Stella Carol (LOC)

    Bain News Service,, publisher.

    Stella Carol

    [between ca. 1910 and ca. 1915]

    1 negative : glass ; 5 x 7 in. or smaller.

    Notes:
    Title from unverified data provided by the Bain News Service on the negatives or caption cards.
    Forms part of: George Grantham Bain Collection (Library of Congress).

    Format: Glass negatives.

    Rights Info: No known restrictions on publication.

    Repository: Library of Congress, Prints and Photographs Division, Washington, D.C. 20540 USA, hdl.loc.gov/loc.pnp/pp.print

    General information about the Bain Collection is available at hdl.loc.gov/loc.pnp/pp.ggbain

    Higher resolution image is available (Persistent URL): hdl.loc.gov/loc.pnp/ggbain.19765

    Call Number: LC-B2- 3575-1

    Comments and faves

    1. gavinsblog, Čestmíra, kotraport, Lotus Carroll, and 95 other people added this photo to their favorites.
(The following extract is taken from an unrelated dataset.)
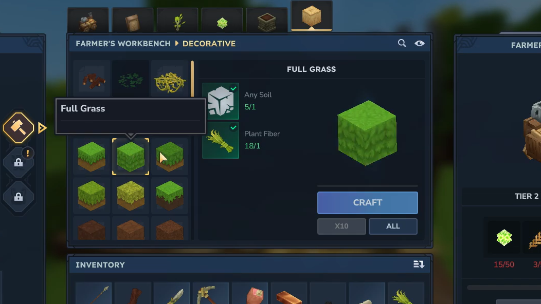 Step 2: Use the Farmer’s Workbench Decorative tab. Interact with the bench, switch to Decorative, and scroll to the grass entries. Start with “Full Grass” for a general green block, then queue up any biome‑specific grasses you want for accents, such as Dry Grass in deserts or Cold Grass in frozen regions.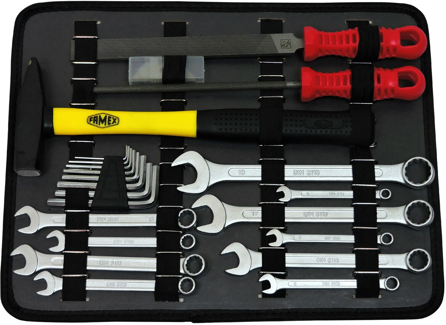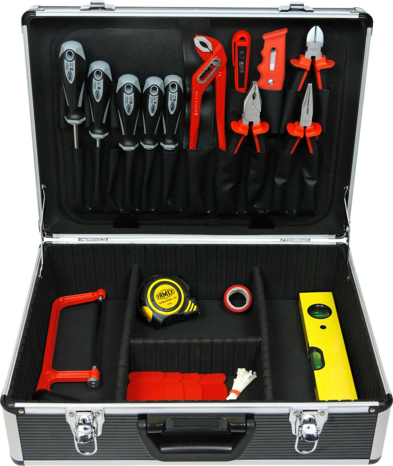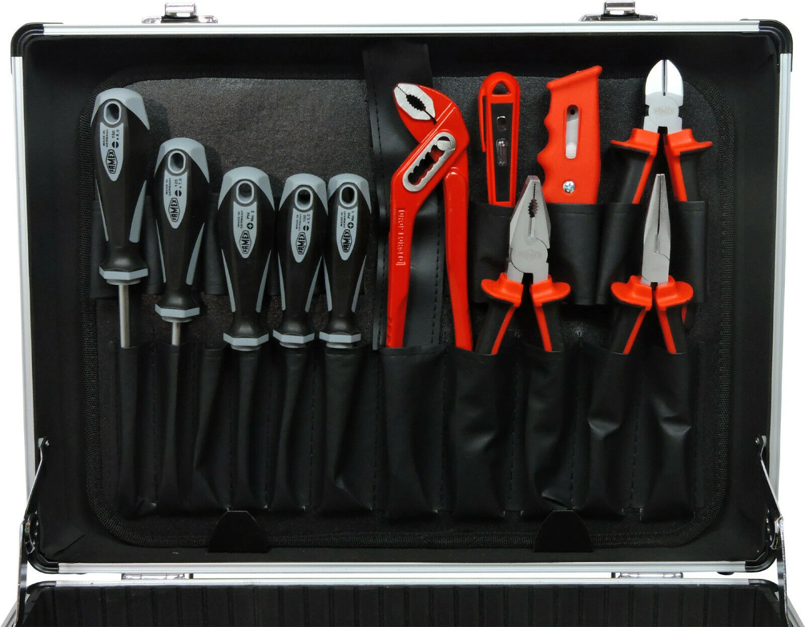 - 1 Werkzeugtasche mit Einstecktaschen im Kofferdeckel

    2. Pixel Wrangler (4 weeks ago | reply)

      Stella Carol, age 17, a well-known soprano, and her husband, Albert Leblond, were passengers aboard the White Star Company Arabic when it was torpedoed without warning on August 20, 1915. The liner sank to the bottom of the Atlantic eleven minutes after it was hit. Approximately 175 passengers and 215 crew members survived the German attack.

      Stella endeavored to keep up the spirits of her companions in one of the crowded lifeboats by singing "It's a long way to Tipperary" to them, along with other patriotic songs – and she also lent a hand with an oar.

      Four years earlier, Stella Carol, whose real name was Lily Furnesse, and her sister were singing Christmas carols on the streets of Hampstead on Christmas Eve, 1910, hoping to get enough money to buy their mother a surprise Christmas present. By a wonderful chance she stopped to sing "Softly the night is sleeping" in the doorway of the well-known teacher of singing, Mme. Amy Sherwin.

      Madame Sherwin said, "I was much struck by the compass and the purity of the voice of one of the children. I called them in, chatted with them and made them comfortable. In the intervals of munching an apple, Stella, the elder of the two, told me she was thirteen years of age, one of twelve children, residing with their parents at Holloway."

      The following day Mme. Sherwin met with Stella's mother, and moved Stella into her home where she was provided with every resource for her education and professional training.

      A photo of Mme. Sherwin in the Library of Congress Collection on Flickr can be seen here:

      Mrs. Amy Sherwin, Lady Maitland  (LOC)

      — Compiled and excerpted: New-York Tribune; The Straits Times; The Advertiser; The Dominion; The New York Times
       
       

    3. Pixel Wrangler (4 weeks ago | reply)

      A different pose of Stella from this portrait sitting is in the Photographs Collection of The National Portrait Gallery, London.

      This portrait of Stella Carol was apparently made on February 19, 1915, in the studios formerly of Alexander Bassano on Old Bond Street, London. Bassano retired in around 1903, when the premises were refurbished and relaunched as Bassano Ltd, Royal Photographers. The National Portrait Gallery owns more than 50,000 of the firm's original glass negatives.
       

    4. Erick Valdes (3 weeks ago | reply)

      Beautiful!

    5. This photo was invited and added to the Supreme Awesomeness! Post Some/Award None. group.

    6. denebola2025 (2 weeks ago | reply)

      Cool history! Nice quality of photograph for those times!